• PROBLEM DETAILS:
Reproduce exactly, and only, the lines of the material below running from the line bearing "Hela trappan var" through the line bearing "Möchten Sie Ihren". Leave any pictures out.

• ENTRIES SHOWN:
———

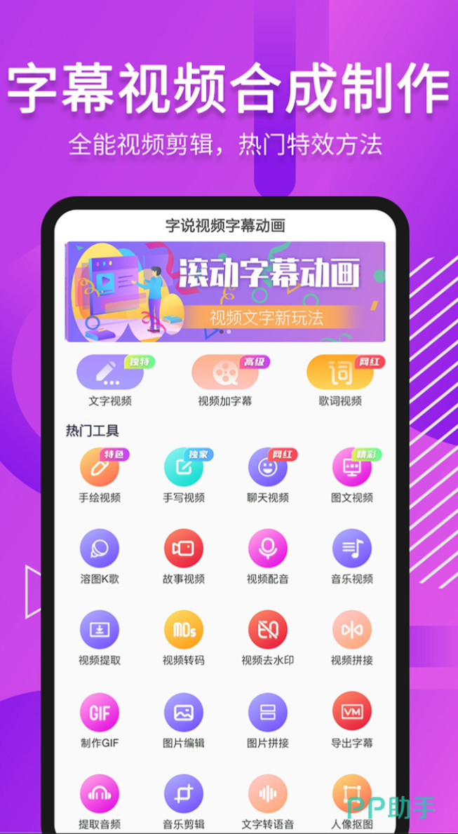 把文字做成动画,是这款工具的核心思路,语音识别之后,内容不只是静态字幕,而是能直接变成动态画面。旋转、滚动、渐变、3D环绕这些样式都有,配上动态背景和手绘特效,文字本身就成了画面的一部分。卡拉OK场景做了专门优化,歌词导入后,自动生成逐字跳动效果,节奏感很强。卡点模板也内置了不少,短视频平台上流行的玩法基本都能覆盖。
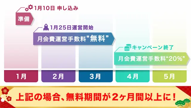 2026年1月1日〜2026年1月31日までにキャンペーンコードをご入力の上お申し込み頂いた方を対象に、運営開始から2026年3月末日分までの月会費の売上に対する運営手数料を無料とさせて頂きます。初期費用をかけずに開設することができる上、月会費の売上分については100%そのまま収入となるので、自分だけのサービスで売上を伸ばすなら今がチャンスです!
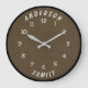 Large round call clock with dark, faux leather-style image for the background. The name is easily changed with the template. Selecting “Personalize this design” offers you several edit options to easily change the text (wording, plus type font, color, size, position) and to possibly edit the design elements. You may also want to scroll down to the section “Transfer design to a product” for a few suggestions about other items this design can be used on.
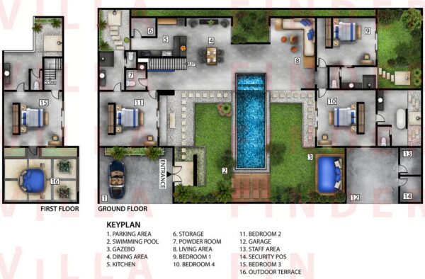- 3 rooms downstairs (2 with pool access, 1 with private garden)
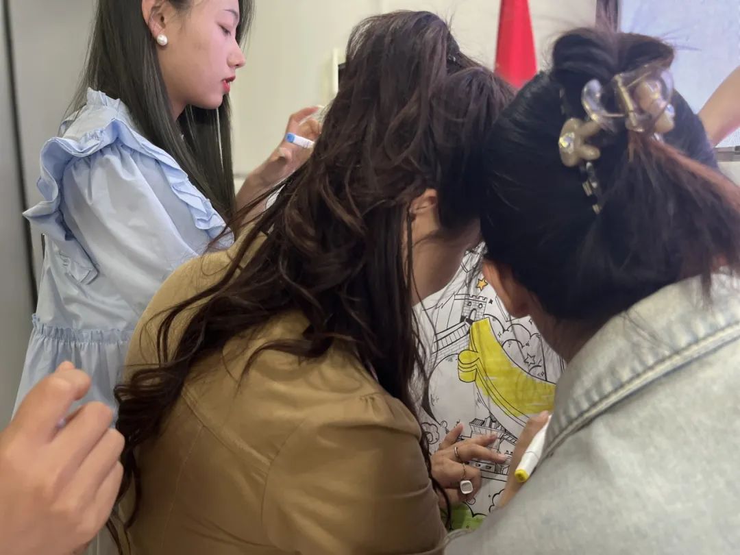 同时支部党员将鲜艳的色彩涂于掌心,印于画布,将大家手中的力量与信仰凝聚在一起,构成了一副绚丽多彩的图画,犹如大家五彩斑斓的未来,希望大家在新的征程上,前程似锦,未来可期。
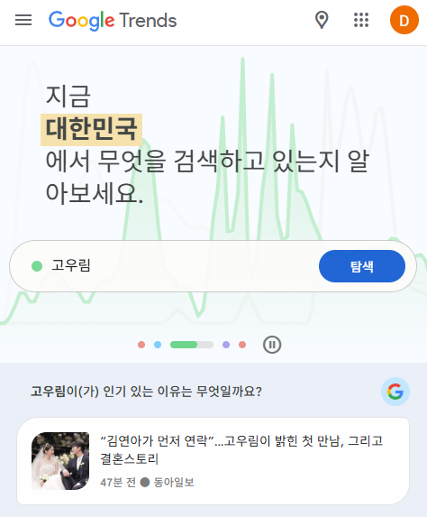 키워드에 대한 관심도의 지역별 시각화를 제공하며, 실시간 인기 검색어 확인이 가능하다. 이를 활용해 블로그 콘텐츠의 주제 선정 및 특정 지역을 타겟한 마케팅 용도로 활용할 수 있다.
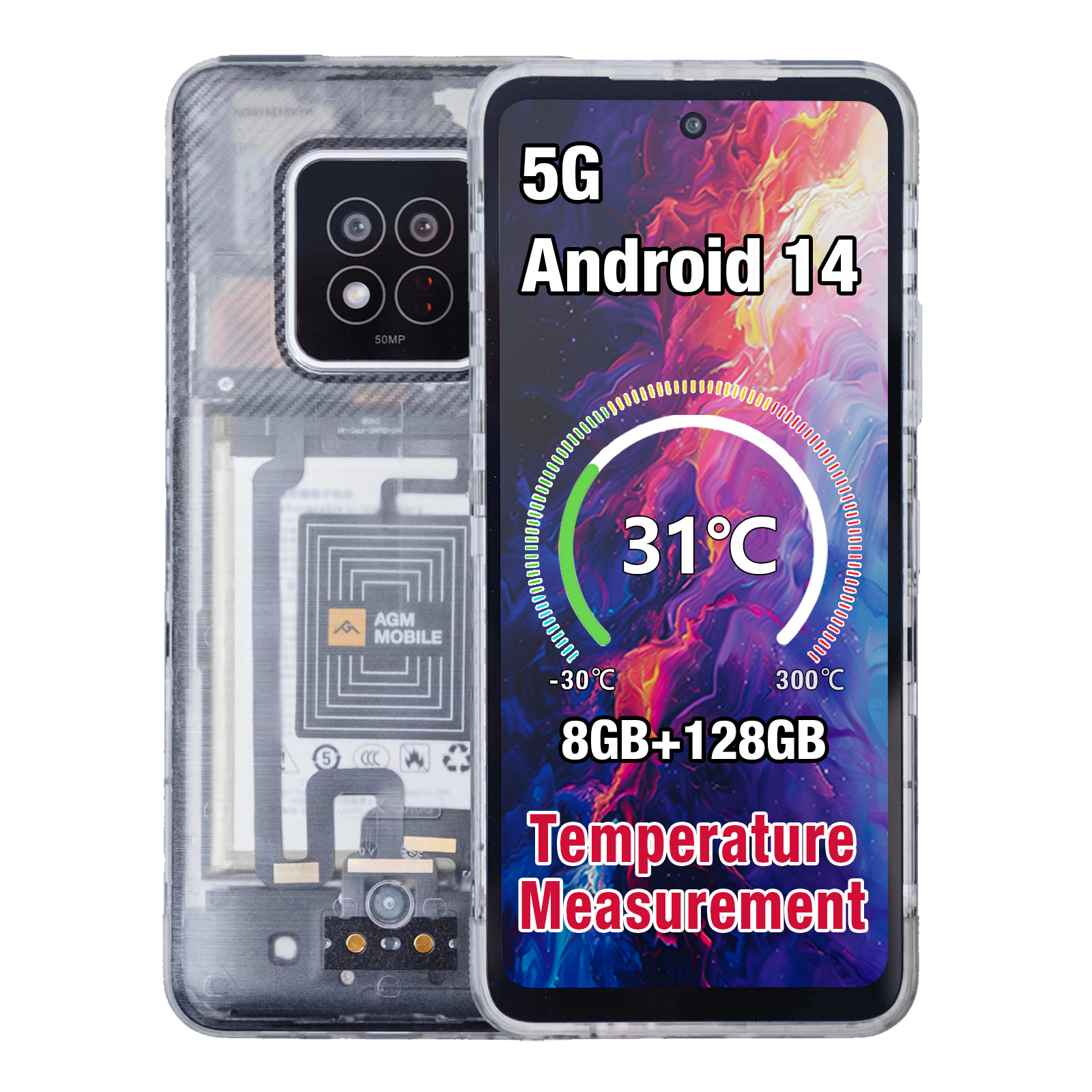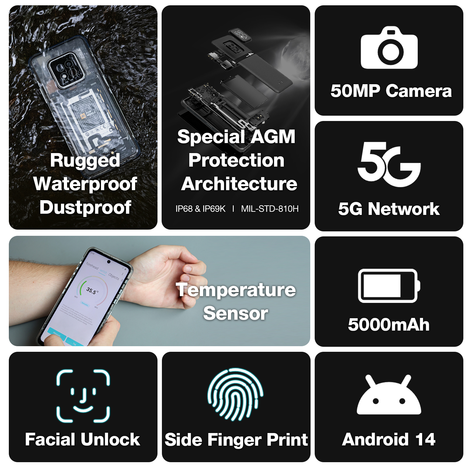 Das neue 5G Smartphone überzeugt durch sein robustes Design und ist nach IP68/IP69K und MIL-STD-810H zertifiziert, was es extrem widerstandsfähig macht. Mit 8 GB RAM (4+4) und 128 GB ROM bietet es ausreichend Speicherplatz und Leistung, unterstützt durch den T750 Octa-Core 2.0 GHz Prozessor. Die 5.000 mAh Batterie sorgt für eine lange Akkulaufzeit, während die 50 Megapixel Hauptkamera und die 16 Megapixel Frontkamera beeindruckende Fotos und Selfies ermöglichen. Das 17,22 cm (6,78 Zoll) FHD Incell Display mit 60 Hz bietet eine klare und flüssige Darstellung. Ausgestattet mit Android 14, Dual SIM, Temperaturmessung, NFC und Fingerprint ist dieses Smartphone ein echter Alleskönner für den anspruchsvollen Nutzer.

———

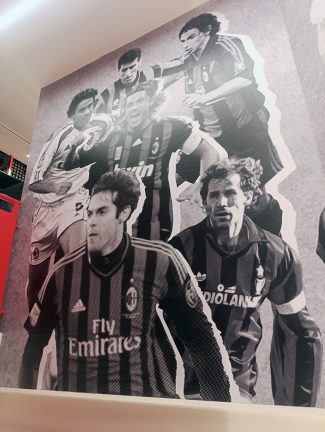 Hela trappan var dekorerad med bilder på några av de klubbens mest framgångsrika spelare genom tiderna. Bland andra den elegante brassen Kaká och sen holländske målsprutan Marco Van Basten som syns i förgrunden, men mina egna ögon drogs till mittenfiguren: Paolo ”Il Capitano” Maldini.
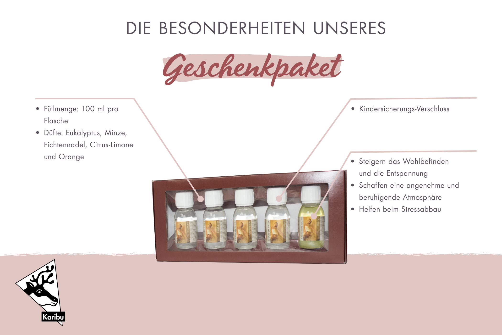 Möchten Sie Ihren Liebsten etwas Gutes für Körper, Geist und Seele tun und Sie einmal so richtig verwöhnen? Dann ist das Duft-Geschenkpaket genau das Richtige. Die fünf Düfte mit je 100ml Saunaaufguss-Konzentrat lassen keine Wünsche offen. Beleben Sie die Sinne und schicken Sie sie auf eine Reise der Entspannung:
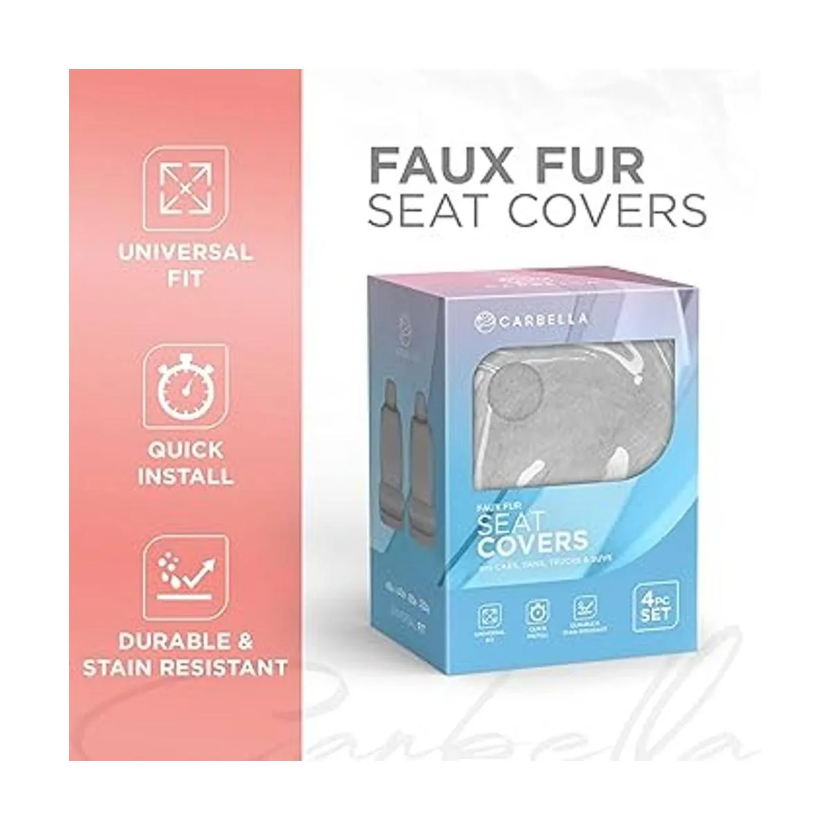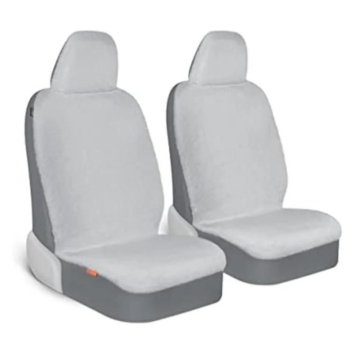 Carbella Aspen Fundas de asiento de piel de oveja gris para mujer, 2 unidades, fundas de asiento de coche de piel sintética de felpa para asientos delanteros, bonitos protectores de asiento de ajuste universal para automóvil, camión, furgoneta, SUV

———

• WRITTEN SOLUTION:
 Hela trappan var dekorerad med bilder på några av de klubbens mest framgångsrika spelare genom tiderna. Bland andra den elegante brassen Kaká och sen holländske målsprutan Marco Van Basten som syns i förgrunden, men mina egna ögon drogs till mittenfiguren: Paolo ”Il Capitano” Maldini.
 Möchten Sie Ihren Liebsten etwas Gutes für Körper, Geist und Seele tun und Sie einmal so richtig verwöhnen? Dann ist das Duft-Geschenkpaket genau das Richtige. Die fünf Düfte mit je 100ml Saunaaufguss-Konzentrat lassen keine Wünsche offen. Beleben Sie die Sinne und schicken Sie sie auf eine Reise der Entspannung:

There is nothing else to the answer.